The great pleasure of Shakespeare's lines is that they are, like life, full of ambiguity. Many actors and directors struggle to analyse and decide on definite meaning as opposed to emphasising the ambiguity of a line. For instance this interchange between Hamlet and Ophelia at the start of the play scene.

Hamlet: Lady, shall I lie in your lap?

Ophelia: No, my lord.

Hamlet: I mean, my head upon your lap?

Ophelia: Ay, my lord.

Hamlet: Do you think I meant country matters?

Ophelia: I think nothing, my lord.

Hamlet: That's a fair thought - to lie between maids' legs.

Ophelia: What is, my lord?

Hamlet: Nothing.

is full of ambiguity. We can let the audience decide what both of these characters are thinking here. It has always amazed me that the phrase, double entendre, a French phrase, is such a British trait and beloved of audiences of Shakespeare to Carry On. British actors are consummately skilled at the double meaning; perhaps it is our cultural reserve that keeps us from saying what we really mean. Whatever the reason the audience gets two for the price of one....:-)..... perhaps we like a bargain....

If I've paid my hard earned to go to the theatre I want to hear every word therefore I have an old fashioned approach to verse speaking. The first priority is it must be heard, even at the expense of the actor's emotional response. I place great store on an actor who understands the importance of diction and projection.

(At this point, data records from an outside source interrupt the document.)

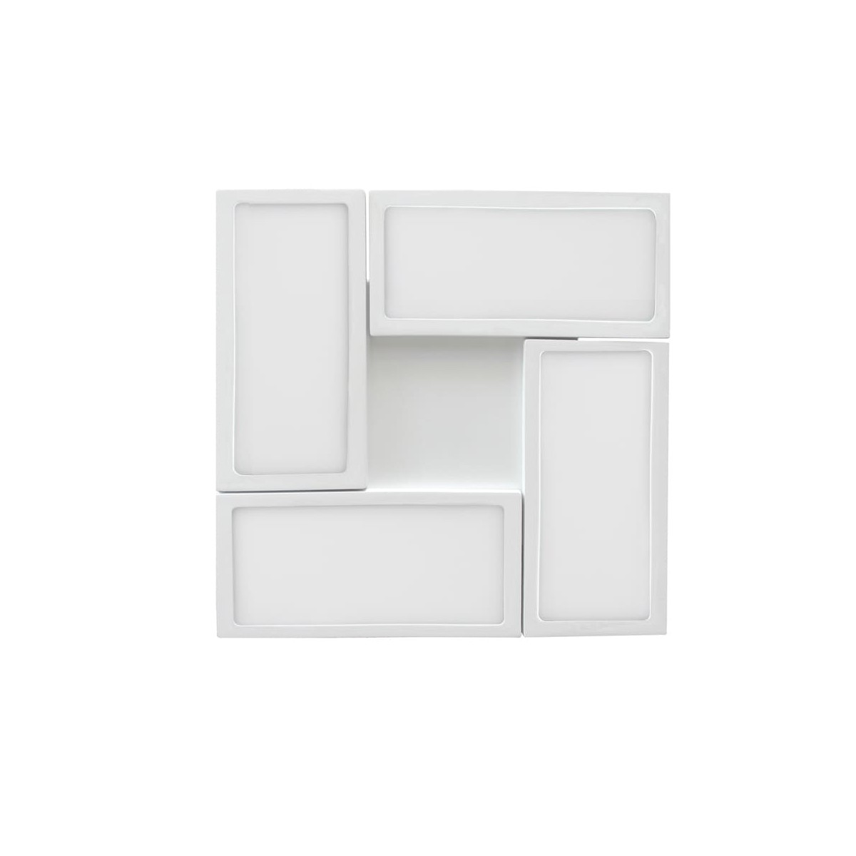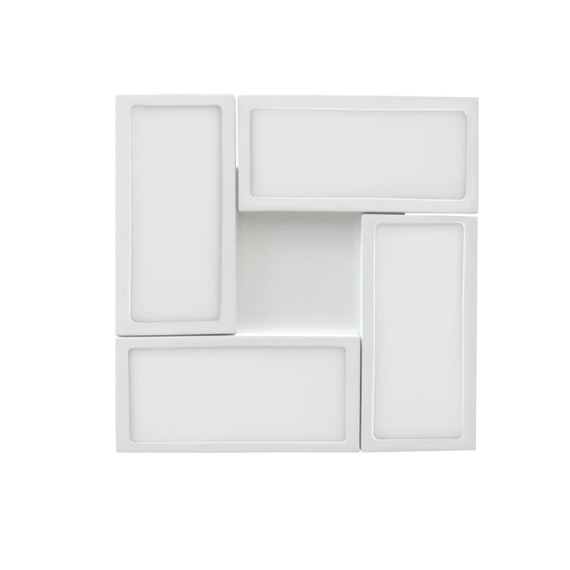 Contemporary LED Ceiling Light with a very attractive shape made up four rectangles. Made of die casting aluminium it has a white finish, 72W, 4680 lumens and warm light (3000K). This model is the perfect choice if you want a decorative lighting source that provides a warm and cosy illumination. *Driver included.
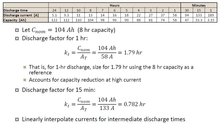 (4) BATTERY는 주변 온도에 따라 용량에 영향을 받으므로 메이커의 자료에 따라 추가로 보정을 할 필요가 있습니다. 온도 보정 계수가 BATTERY 용량 계산 시 반영되어야 합니다.
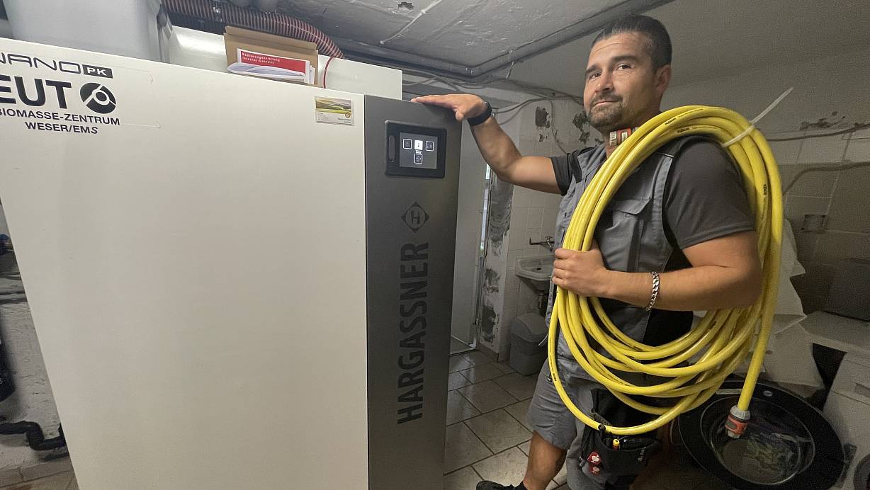 Anlagenmechaniker Tim Rasenberger überprüft eine Pellet-Heizung. | © Elke Niedringhaus-Haasper
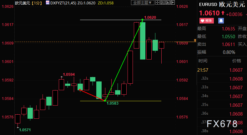 拉加德强调通胀压力并预计经济复苏,欧元短线上涨逾30点累计波动70点
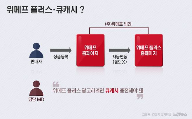 위메프가 판매자들을 대상으로 자사의 해외 직구 사이트인 '위메프플러스'에 광고비로 사용되는 '큐캐시' 구매를 유도해 온 것으로 드러났다. 판매자들의 상품도 위메프플러스에 동의 없이 연동해 게시해 온 것도 밝혀졌다.
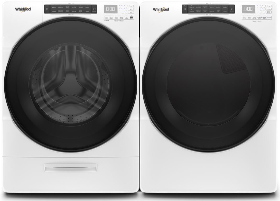 Whirlpool® White Front Load Laundry Pair with a 5.2 cu. ft. capacity washer and a 7.4 cu. ft. capacity electric dryer.Read More
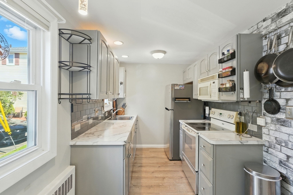 A charming and thoughtfully designed 1B 1.5B townhouse in a highly convenient location with an exceptionally low HOA fee of $275 which includes heat, hot water and snow removal! This 2-level home offers a bright kitchen and an open living/dining area on the first floor, perfect for enjoying the beautiful views of trees and lawns right outside your window. Upstairs, you’ll find a spacious bedroom with a bonus room - ideal for a guest sleep space or a reading nook. The partially finished basement features a half bath and offers incredible flexibility - extra storage, a workshop, or a cozy media room! In-unit laundry in the basement, and one assigned parking space right in front of the home. Nestled in a quiet, well-kept neighborhood, this home is just minutes from Rt-9, I-90, and the Framingham commuter rail, offering an easy commute into Boston. Enjoy nearby shopping and dining at Shoppers World and Natick Mall, along with parks, cafes, and local favorites that make this area so livable
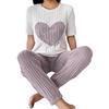 2 шт./комплект, женская зимняя пижама, круглый вырез, узор в виде сердца, короткий рукав, домашняя одежда, топ, штаны, комплект, свободная домашняя одежда, женская ночная рубашка
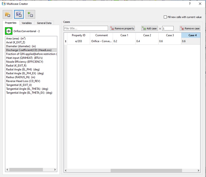 - In this section a multicase will be created using MultiCase Creator Tool with 4 case where in each case Cd values of the orifice element will be varied (0.2, 0.4, 0.6 & 0.8).
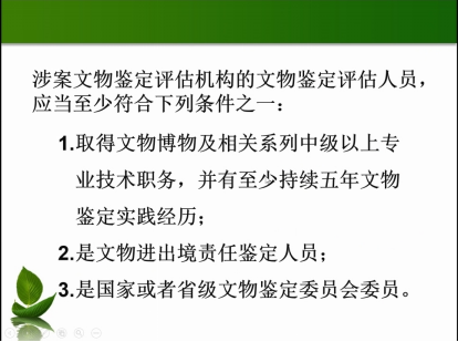 第二部分讲述了涉案文物鉴定与实践,首先通过列举相关法律的规定展示了文物犯罪的类型,其次讲述了涉案文物的鉴定规定以及对鉴定人员资质的要求,更加地突出了文物鉴定专业性强的特征。
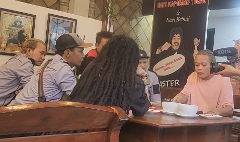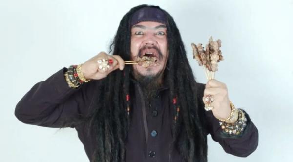 Selanjutnya yakni potret Limbad berpose sambil menyantap sate langsung dua tusuk. Sementara itu tangan di sebelahnya memegang banyak tusuk sate. Masih dengan gaya khasnya, di foto itu Limbad memakai baju serba hitam dengan rambut gimbal dan beberapa aksesori.
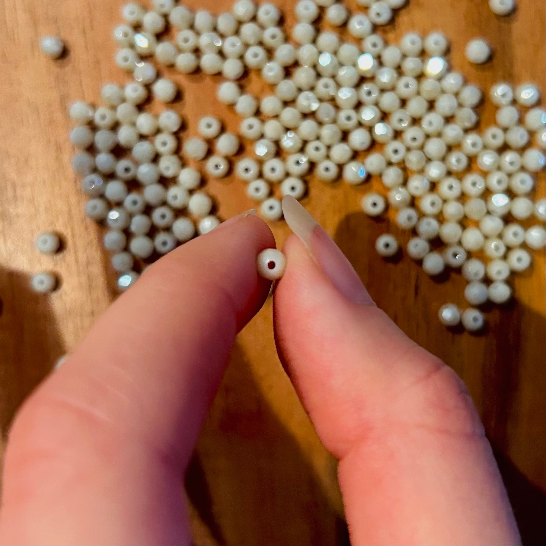 10 x Facettierte Glasperlen | in Weißer Champagner | 4 mm | Für Mikromakramee, Schmuck & DIY‘s
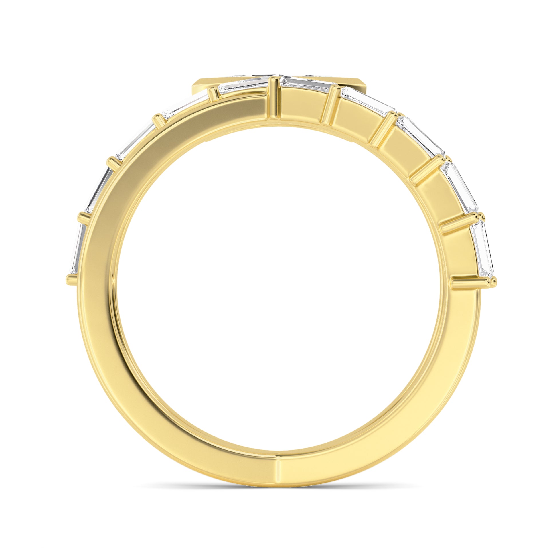 The Union Ring features an extraordinary composition: elongated baguette-cut diamonds and a central marquise-cut diamond merge into a unique design that symbolizes the union of two souls.
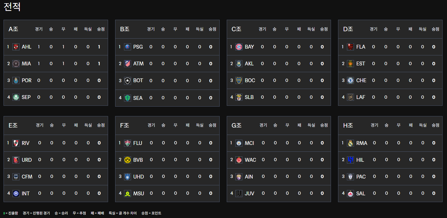 | A | 파우메이라스 | 포르투 | 알아흘리 | 인터 마이애미 |
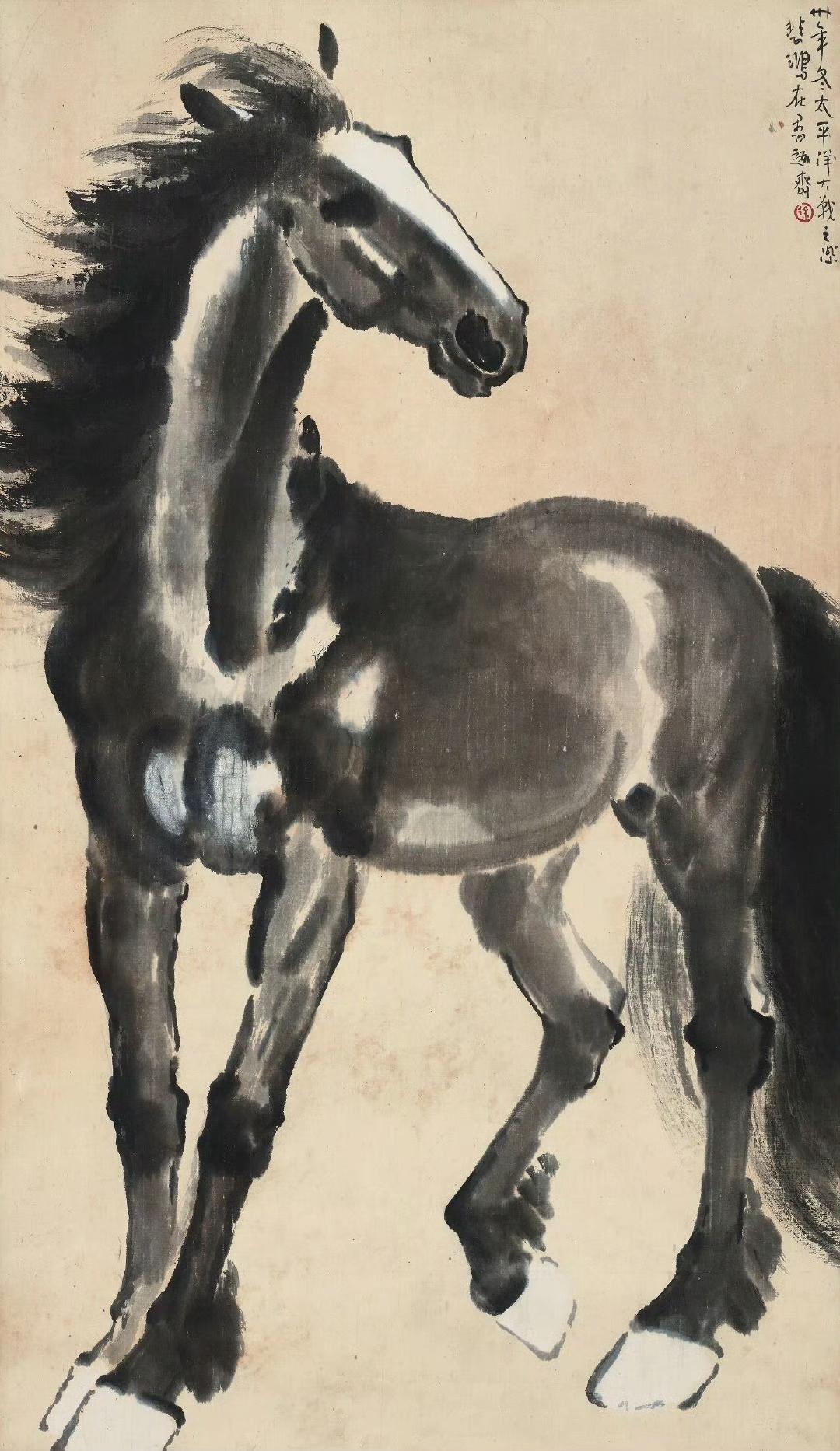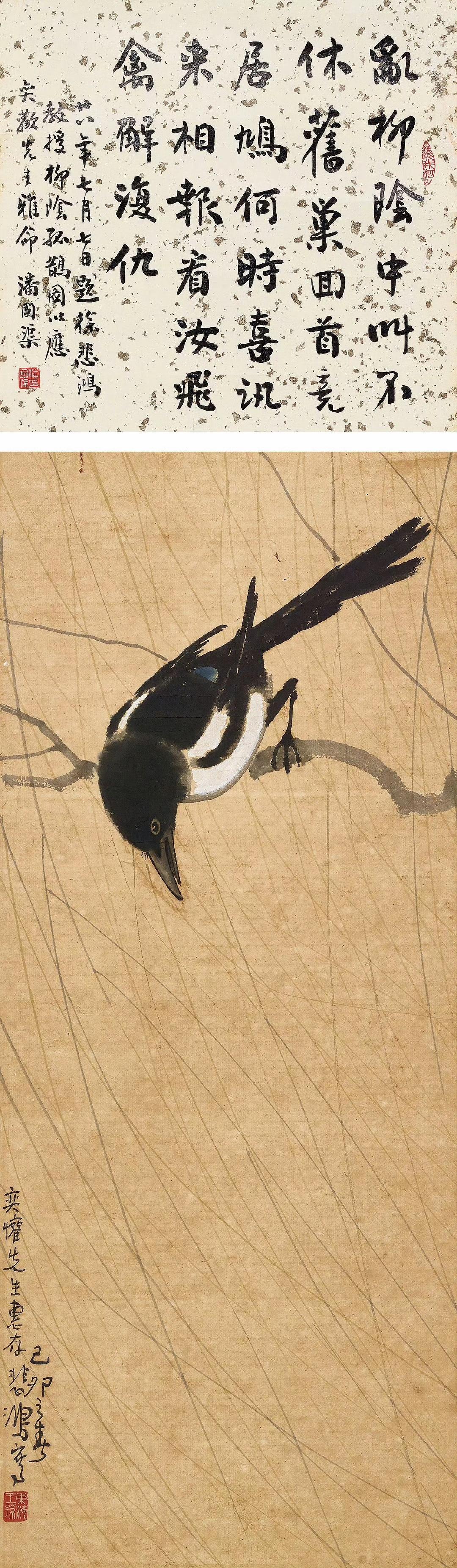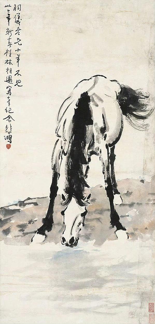 徐悲鸿 小画六幅欣赏 【柳丝喜鹊】【东郊瘦马】【立马】 【饮水思源】【竹林双鸡】【雄狮】
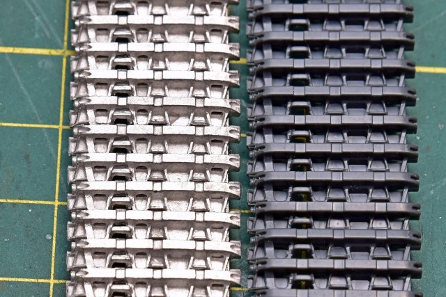 - "гуляние размеров": за эталон принята виниловая лента из коробки Драгона, как и положено, в ней 96 траков, по длине ей равно: 95,5 пластиковых траков, и прикол с металлом: 97 левых и 98 правых
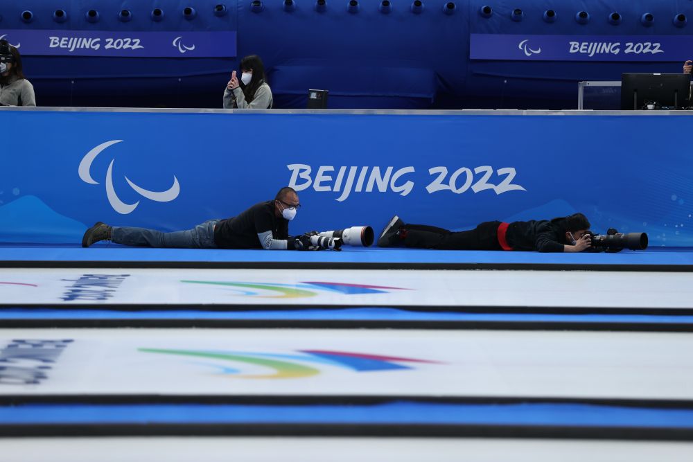 ↑新華社記者任超(前右)在Pool中進行輪椅冰壺金牌賽的拍攝(3月12日攝)。新華社記者 杜瀟逸 攝。
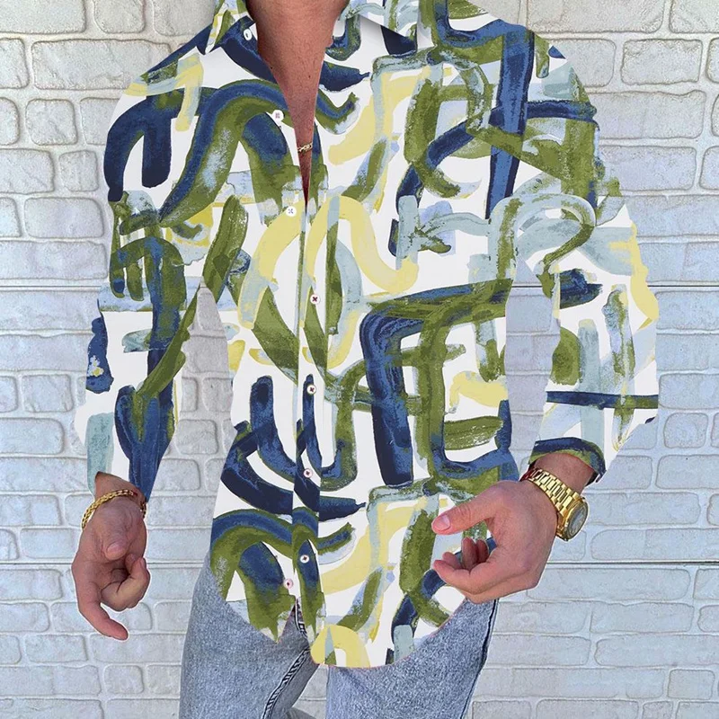 Стильный стиль мужской пол сезоны все сезоны Шаблон Тип печать длина рукава 1 длинный рукав мода и отдых стиль складной воротник Руководство для стирки машинная стирка материал 1 полиэфирное волокно платье для работы, каждый день, на каждый день
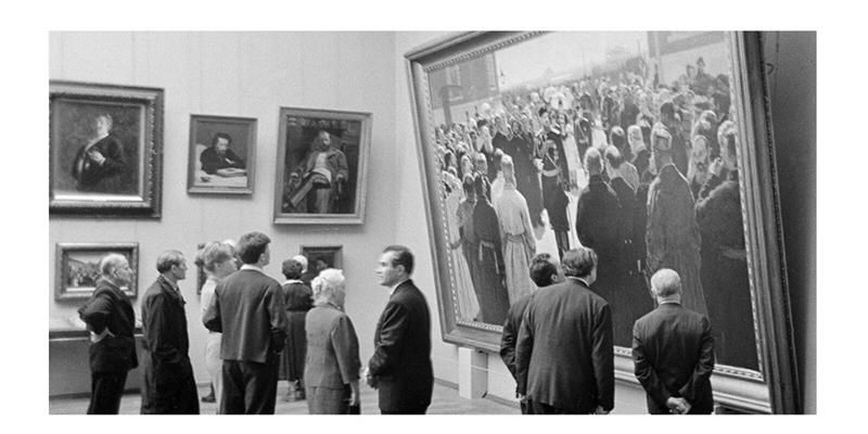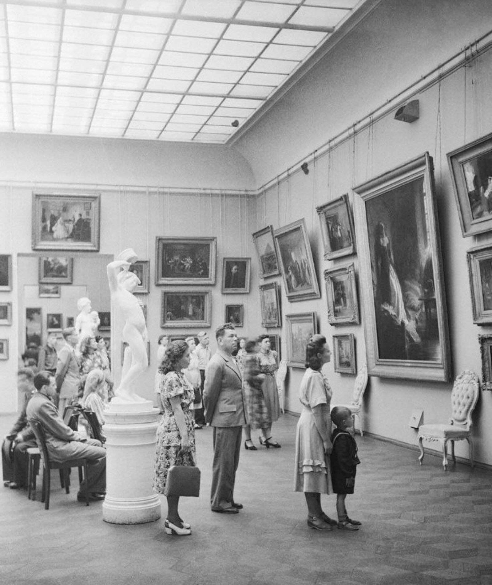 Посетители Государственной Третьяковской галереи осматривают выставку живописных, скульптурных и графических произведений русского дореволюционного искусства. Автор Э. Евзерихин. Москва. 6 апреля 1962 г. Главархив Москвы
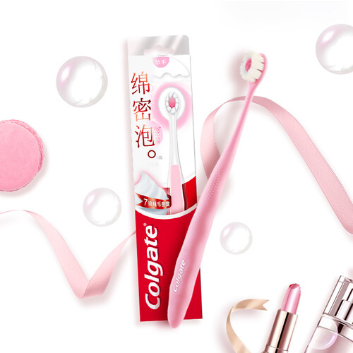 采用圆形小刷头结构,可以深入牙齿内部多角度进行有效清洁。刷毛采用有间距隔断的花瓣式排列设计,促进发泡。
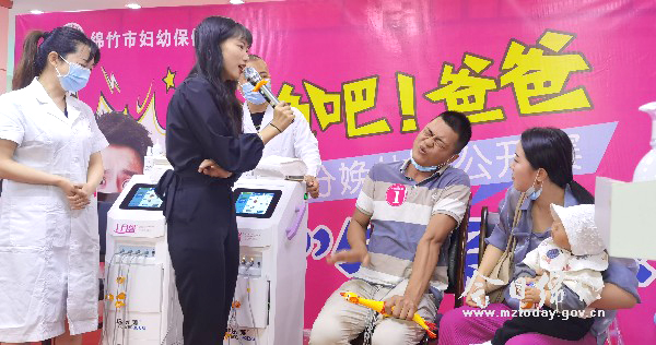 5月20日,市妇幼保健院门诊大厅上演了一场主题为“分娩吧!爸爸”的分娩体验公开赛,吸引了孕妈妈准爸爸和准备生育二孩的夫妇等共30余个家庭参与。

After all, Shakespeare tells us how he wants his words performed, and I have found it wise to follow the advice of more advanced minds.

HAMLET: Speak the speech, I pray you, as I pronounced it to
you, trippingly on the tongue: but if you mouth it,
as many of your players do, I had as lief the
town-crier spoke my lines. Nor do not saw the air
too much with your hand, thus, but use all gently;
for in the very torrent, tempest, and, as I may say,
the whirlwind of passion, you must acquire and beget
a temperance that may give it smoothness. O, it
offends me to the soul to hear a robustious
periwig-pated fellow tear a passion to tatters, to
very rags, to split the ears of the groundlings, who
for the most part are capable of nothing but
inexplicable dumbshows and noise: I would have such
a fellow whipped for o'erdoing Termagant; it
out-herods Herod: pray you, avoid it.

First Player: I warrant your honour.

HAMLET: Be not too tame neither, but let your own discretion
be your tutor: suit the action to the word, the
word to the action; with this special o'erstep not
the modesty of nature: for any thing so overdone is
from the purpose of playing, whose end, both at the
first and now, was and is, to hold, as 'twere, the
mirror up to nature; to show virtue her own feature,
scorn her own image, and the very age and body of
the time his form and pressure. Now this overdone,
or come tardy off, though it make the unskilful
laugh, cannot but make the judicious grieve; the
censure of the which one must in your allowance
o'erweigh a whole theatre of others. O, there be
players that I have seen play, and heard others
praise, and that highly, not to speak it profanely,
that, neither having the accent of Christians nor
the gait of Christian, pagan, nor man, have so
strutted and bellowed that I have thought some of
nature's journeymen had made men and not made them
well, they imitated humanity so abominably.

First Player: I hope we have reformed that indifferently with us,
sir.

HAMLET: O, reform it altogether. And let those that play
your clowns speak no more than is set down for them;
for there be of them that will themselves laugh, to
set on some quantity of barren spectators to laugh
too; though, in the mean time, some necessary
question of the play be then to be considered:
that's villanous, and shows a most pitiful ambition
in the fool that uses it. Go, make you ready.